Now that we have our accurate model and test data, we want to plot our decision regions.

from matplotlib import pyplot as plt
from matplotlib.patches import Patch

def plot_regions(model, X, y):
    
    x0 = X[X.columns[0]]
    x1 = X[X.columns[1]]
    qual_features = X.columns[2:]
    
    fig, axarr = plt.subplots(1, len(qual_features), figsize = (7, 3))

    # create a grid
    grid_x = np.linspace(x0.min(),x0.max(),501)
    grid_y = np.linspace(x1.min(),x1.max(),501)
    xx, yy = np.meshgrid(grid_x, grid_y)
    
    XX = xx.ravel()
    YY = yy.ravel()

    for i in range(len(qual_features)):
      XY = pd.DataFrame({
          X.columns[0] : XX,
          X.columns[1] : YY
      })

      for j in qual_features:
        XY[j] = 0

      XY[qual_features[i]] = 1

      p = model.predict(XY)
      p = p.reshape(xx.shape)
      
      
      # use contour plot to visualize the predictions
      axarr[i].contourf(xx, yy, p, cmap = "jet", alpha = 0.2, vmin = 0, vmax = 2)
      
      ix = X[qual_features[i]] == 1
      # plot the data
      axarr[i].scatter(x0[ix], x1[ix], c = y[ix], cmap = "jet", vmin = 0, vmax = 2)
      
      axarr[i].set(xlabel = X.columns[0], 
            ylabel  = X.columns[1], 
            title = qual_features[i])
      
      patches = []
      for color, spec in zip(["red", "green", "blue"], ["Adelie", "Chinstrap", "Gentoo"]):
        patches.append(Patch(color = color, label = spec))

      plt.legend(title = "Species", handles = patches, loc = "best")
      
      plt.tight_layout()

plot_regions(LR, X_train[columns], y_train)
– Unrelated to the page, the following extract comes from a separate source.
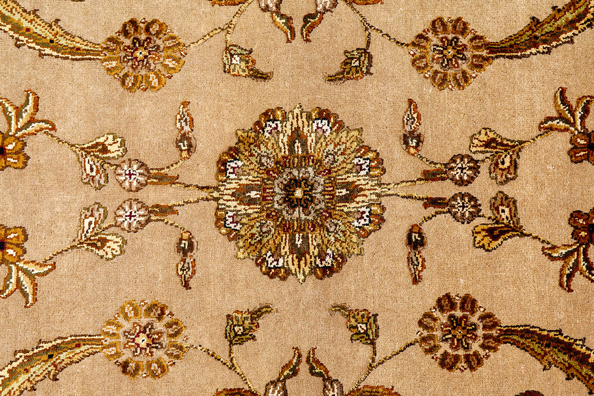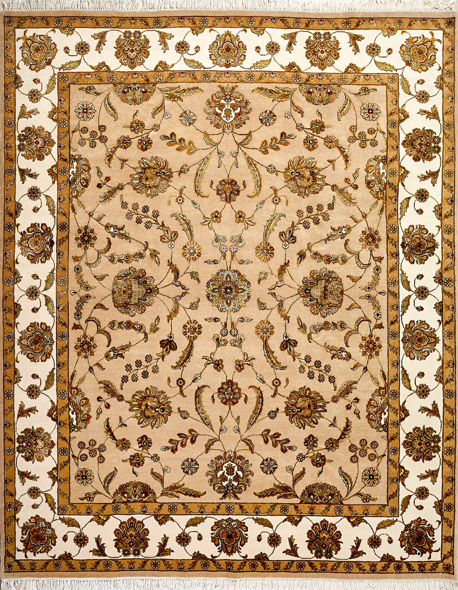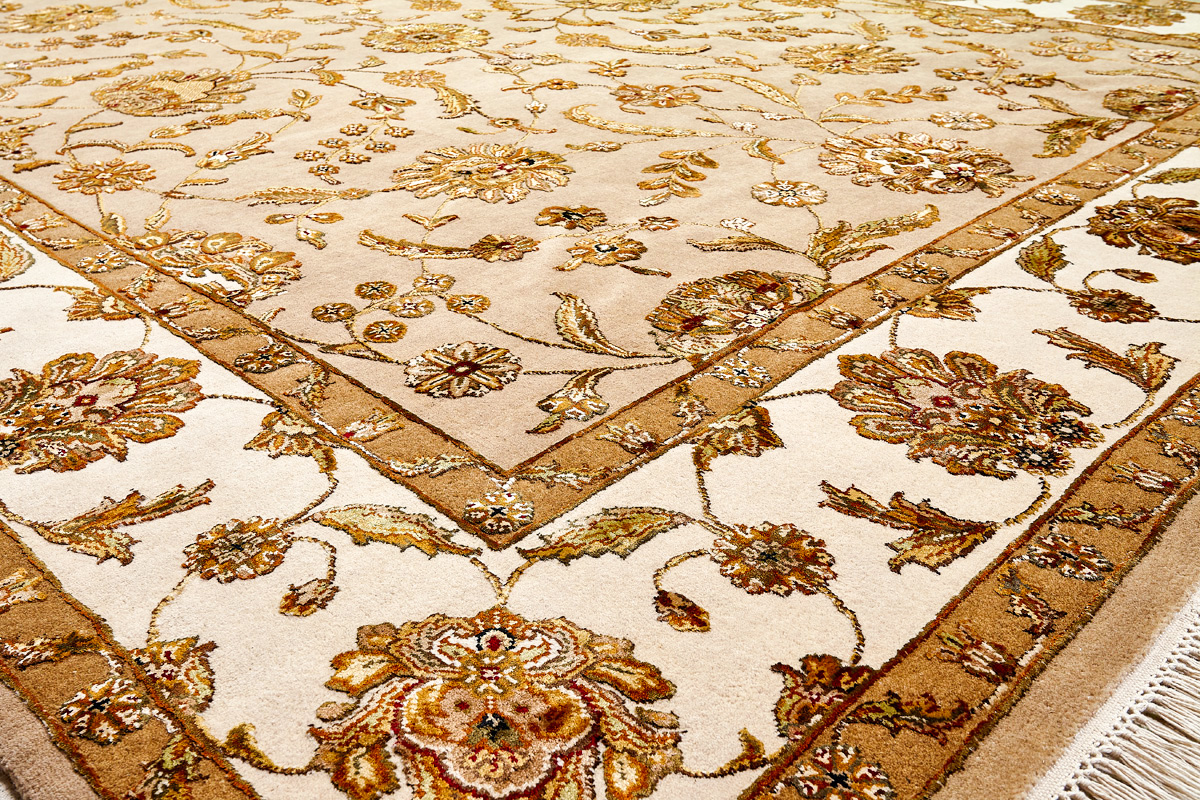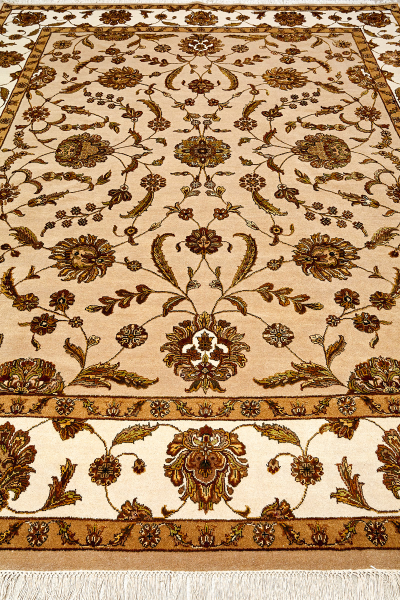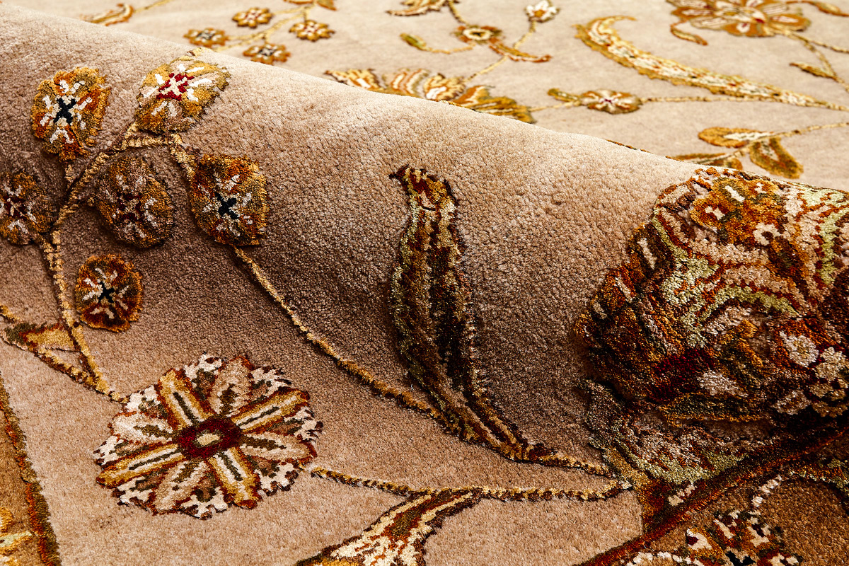 Более пяти веков назад в городе Агра зародилась знаменитая индийская школа ковроткачества, прославившаяся не меньше, чем расположенный здесь же Тадж-Махал. Мощное персидское влияние, помноженное на местный колорит, привело к появлению оригинальных орнаментов с богатыми растительными узорами — причудливым цветам, ветвям и листьям, разбросанным по всему полю ковра.

Plotting our decision regions provides a good visualization of our model and the reasoning behind its decisions. For each island, there is enough distinction between our quantitative features to provide accurate classification.

Confusion Matrix

Another way to get a good indication of our model and its accuracy is to create a confusion matrix:

from sklearn.metrics import confusion_matrix

prediction = LR.predict(X_test[columns])

confusion_matrix = confusion_matrix(y_test, prediction)

print(confusion_matrix)

[[31  0  0]
 [ 0 11  0]
 [ 0  0 26]]

The result of our confusion matrix shows only values on the diagonal axis, revealing the models accuracy.

Discussion

Based on my exploration of various models and features, I concluded that a logistic regression model trained with high variance features Culmen Depth, Culmen Length and one qualitative feature, Island, produces a 100% accurate model for classifying Palmer penguins. One thing that I learned from this exploration is the importance of steps like cross validation. Although on the surface, some models— for example our decision tree—we’re more accurate, cross validation reveals they were less so due to over-fitting and the nature of the dataset. I also learned the importance of data visualization in finding correct features and discerning trends in the data. Also revealing the decision regions of the model helps me understand why certain features work. There are many steps for determining the right classification model, and many of these steps can lead to interesting and surprising discoveries.